China's chief central banker speaks out

Zhou Xiaochuan, China's chief central banker, has some fascinating insights into the future challenges for the world's second-largest economy.

Central bankers have assumed an air of omnipotence during and after the global financial crisis because of their awesome power to create and destroy money.

Their decisions and influence extend beyond financial markets. Their power to withdraw funds has not only the potential sink banks, but elected national governments.

Neil Irwin, the author of The Alchemists: Inside the Secret World of Central Bankers, dubs the trio of Ben Bernanke, Mario Draghi and Mervyn King the committee of three that saved the world from another great depression.

In his seminal book, Irwin devoted one of his final chapters to a less well-known central bank chief: Zhou Xiaochuan, the governor of the People’s Bank of China.

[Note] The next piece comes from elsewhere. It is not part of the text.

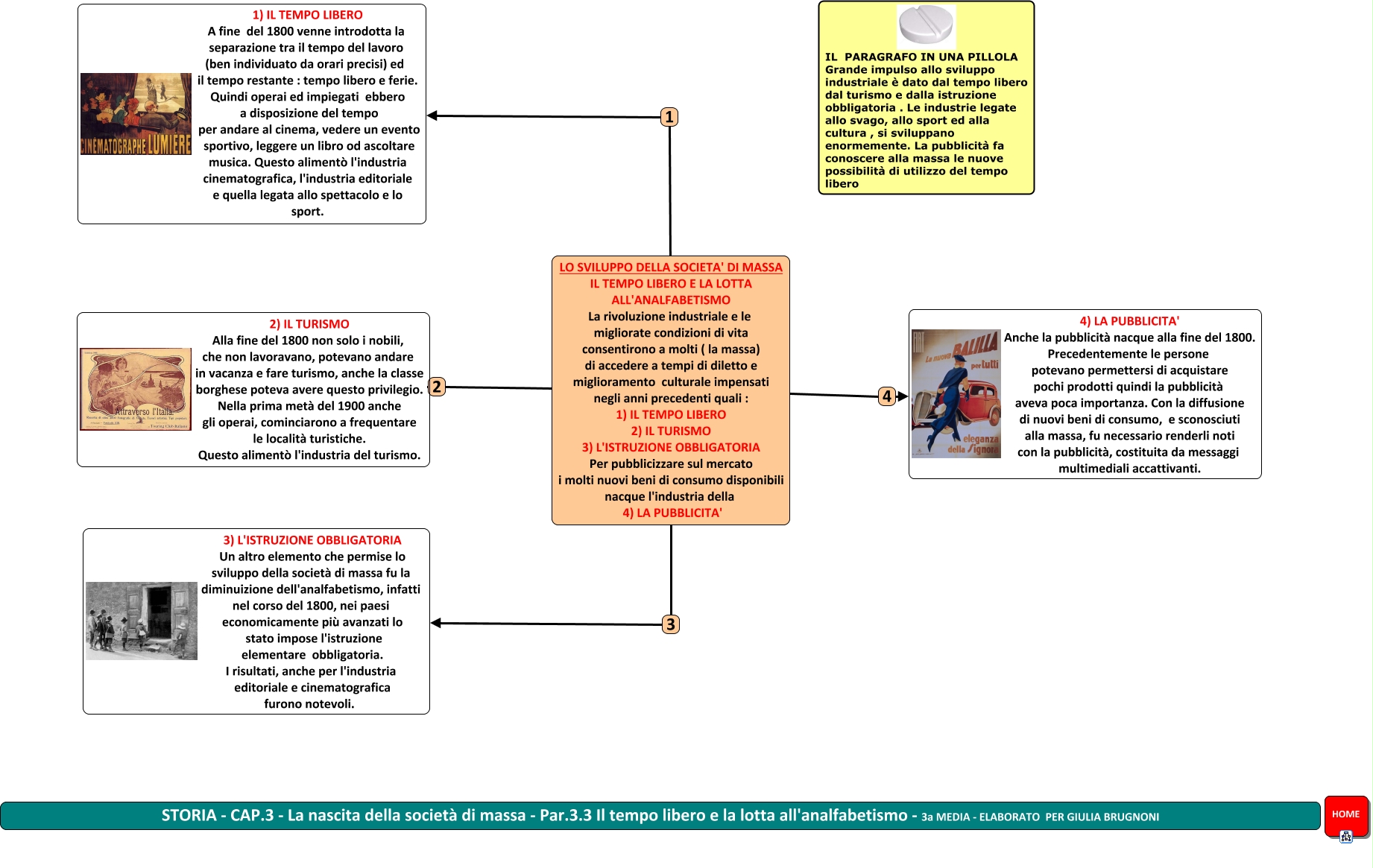 Questa Cmap, creata con IHMC CmapTools, contiene informazioni relative a: STORIA - Par.3.3 - Il tempo libero e la lotta all'analfabetismo - GB 3a media, LO SVILUPPO DELLA SOCIETA' DI MASSA IL TEMPO LIBERO E LA LOTTA ALL'ANALFABETISMO La rivoluzione industriale e le migliorate condizioni di vita consentirono a molti ( la massa) di accedere a tempi di diletto e miglioramento culturale impensati negli anni precedenti quali : 1) IL TEMPO LIBERO 2) IL TURISMO 3) L'ISTRUZIONE OBBLIGATORIA Per pubblicizzare sul mercato i molti nuovi beni di consumo disponibili nacque l'industria della 4) LA PUBBLICITA' 1 1) IL TEMPO LIBERO A fine del 1800 venne introdotta la separazione tra il tempo del lavoro (ben individuato da orari precisi) ed il tempo restante : tempo libero e ferie. Quindi operai ed impiegati ebbero a disposizione del tempo per andare al cinema, vedere un evento sportivo, leggere un libro od ascoltare musica. Questo alimentò l'industria cinematografica, l'industria editoriale e quella legata allo spettacolo e lo sport., LO SVILUPPO DELLA SOCIETA' DI MASSA IL TEMPO LIBERO E LA LOTTA ALL'ANALFABETISMO La rivoluzione industriale e le migliorate condizioni di vita consentirono a molti ( la massa) di accedere a tempi di diletto e miglioramento culturale impensati negli anni precedenti quali : 1) IL TEMPO LIBERO 2) IL TURISMO 3) L'ISTRUZIONE OBBLIGATORIA Per pubblicizzare sul mercato i molti nuovi beni di consumo disponibili nacque l'industria della 4) LA PUBBLICITA' 4 4) LA PUBBLICITA' Anche la pubblicità nacque alla fine del 1800. Precedentemente le persone potevano permettersi di acquistare pochi prodotti quindi la pubblicità aveva poca importanza. Con la diffusione di nuovi beni di consumo, e sconosciuti alla massa, fu necessario renderli noti con la pubblicità, costituita da messaggi multimediali accattivanti., LO SVILUPPO DELLA SOCIETA' DI MASSA IL TEMPO LIBERO E LA LOTTA ALL'ANALFABETISMO La rivoluzione industriale e le migliorate condizioni di vita consentirono a molti ( la massa) di accedere a tempi di diletto e miglioramento culturale impensati negli anni precedenti quali : 1) IL TEMPO LIBERO 2) IL TURISMO 3) L'ISTRUZIONE OBBLIGATORIA Per pubblicizzare sul mercato i molti nuovi beni di consumo disponibili nacque l'industria della 4) LA PUBBLICITA' 3 3) L'ISTRUZIONE OBBLIGATORIA Un altro elemento che permise lo sviluppo della società di massa fu la diminuizione dell'analfabetismo, infatti nel corso del 1800, nei paesi economicamente più avanzati lo stato impose l'istruzione elementare obbligatoria. I risultati, anche per l'industria editoriale e cinematografica furono notevoli., LO SVILUPPO DELLA SOCIETA' DI MASSA IL TEMPO LIBERO E LA LOTTA ALL'ANALFABETISMO La rivoluzione industriale e le migliorate condizioni di vita consentirono a molti ( la massa) di accedere a tempi di diletto e miglioramento culturale impensati negli anni precedenti quali : 1) IL TEMPO LIBERO 2) IL TURISMO 3) L'ISTRUZIONE OBBLIGATORIA Per pubblicizzare sul mercato i molti nuovi beni di consumo disponibili nacque l'industria della 4) LA PUBBLICITA' 2 2) IL TURISMO Alla fine del 1800 non solo i nobili, che non lavoravano, potevano andare in vacanza e fare turismo, anche la classe borghese poteva avere questo privilegio. Nella prima metà del 1900 anche gli operai, cominciarono a frequentare le località turistiche. Questo alimentò l'industria del turismo.

The Chinese central bank has become a lot more technocratic and reformist under his guardianship.

Though the Chinese central bank is not independent like other major central banks like the Fed and European Central Bank, what Zhou says and thinks matters for the world’s second largest economy.

Zhou recently took part in a panel discussion at the World Economic Forum at Davos, where he outlined his take on global financial volatility and, more importantly, the Chinese economy.  

  1. On the housing market

The housing market is arguably the Achilles heel of the Chinese economy. So what does Zhou think of the state of real estate sector, which is a major contributor to GDP growth?

The short answer: he is not too concerned.

Zhou maintains the economy is still in reasonable shape despite some cyclical turbulence. His diagnosis of the housing market problem is that it is reasonably benign.

He says China is very big with many cities, and the performances of the housing markets across these cities are quite different. “There are problems of oversupply in some places, and in some cities the demand is still very strong,” he said.

Essentially he does not think the housing downturn is a very serious problem across the entire country. The central bank’s view is that the housing market is just going through a period of cyclical adjustment. Some reports lend support to the view, but there seems to a problem of oversupply in a lot of third tier and fourth tier cities where demand is not as strong as in major cities.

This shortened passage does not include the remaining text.